Lex live: Pensions / BA
Published: March 23 2006 13:27 | Last updated: March 23 2006 13:27

Many UK companies have topped up pension schemes in the past year. British Airways’ effort on Thursday is the most aggressive, and a landmark that suggests the new Pensions Regulator is beginning to bite. In essence it suggests that pension fund trustees will demand pension schemes are funded in cash on a “marked to market” FRS17/IAS19 basis. Previously, many companies happily published such valuations in their accounts, but continued to use far more generous actuarial valuations for assessing the actual cash payments into their schemes.

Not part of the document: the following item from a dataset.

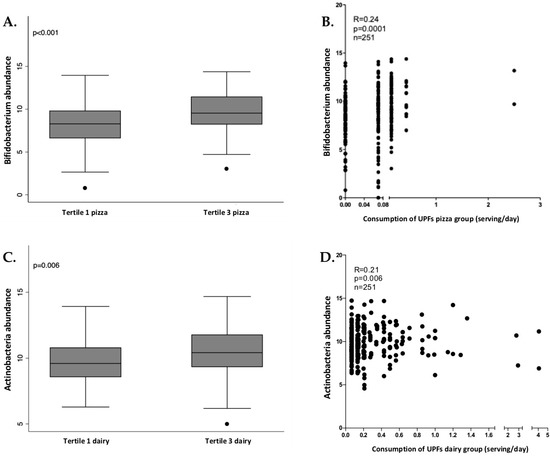 Box plot of differences in Bifidobacterium abundance according to tertiles of ultra-processed pizza consumption (A) and the correlation analysis (B) in women. Box plot of differences in Actinobacteria abundance according to tertiles of ultra-processed dairy consumption (C) and the correlation analysis (D) in women. The Y axis represents the relative bacterial abundance and the X axis represents the tertiles 1 and 3 of UPFs consumption. Only shown Bifidobacterium genus in association with pizza consumption due to the similarities with Bifidobacteriales and Actinobacteria. Differences between tertiles were assessed by Mann-Whitney test.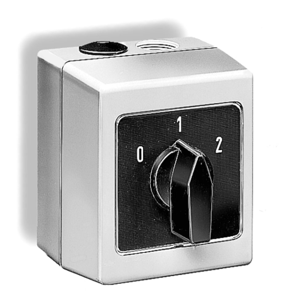 Drehzahlum- und Ein-/Aus-Schalter für zweitourige Wechselstrom-Ventilatoren. Für Auf- und Unterputzmontage geeignet.

Before Thursday’s announcement, British Airways’ main scheme had a funding deficit of £1bn, as calculated by Watson Wyatt in 2003. The latest FRS17 deficit, which does not immediately book future equity returns, was £2bn. Under the new agreement, BA will pay £500m of cash into the scheme and employees will agree to stingier terms that will cut the gross liability by £450m. Any revision to longevity assumptions from the upcoming actuarial review will be shared by the company and employees.

Essentially, then, £950m will go into a scheme that the actuaries said was £1bn in deficit. Problem solved? No. BA has said it will also make annual deficiency payments of around £120m. These appear in its profit and loss statement as the notional interest cost of the FRS17/IAS19 deficit. Other companies with big deficits, such as BAE Systems, and BT, argue that this cost is just that – “notional”. BA, is pretty much alone in actually backing up the P&L charge with cash. It is by implication suggesting that the FRS17/IAS19 deficit is real.

What is the conclusion? One is that many historic actuarial valuations, some conducted by Watson Wyatt, continue to be proved ludicrously optimistic. Second, it is that the Pensions Regulator is changing behaviour. The remaining companies that ignore large FRS17/IAS19 deficits, such as BAE and BT, are looking increasingly isolated.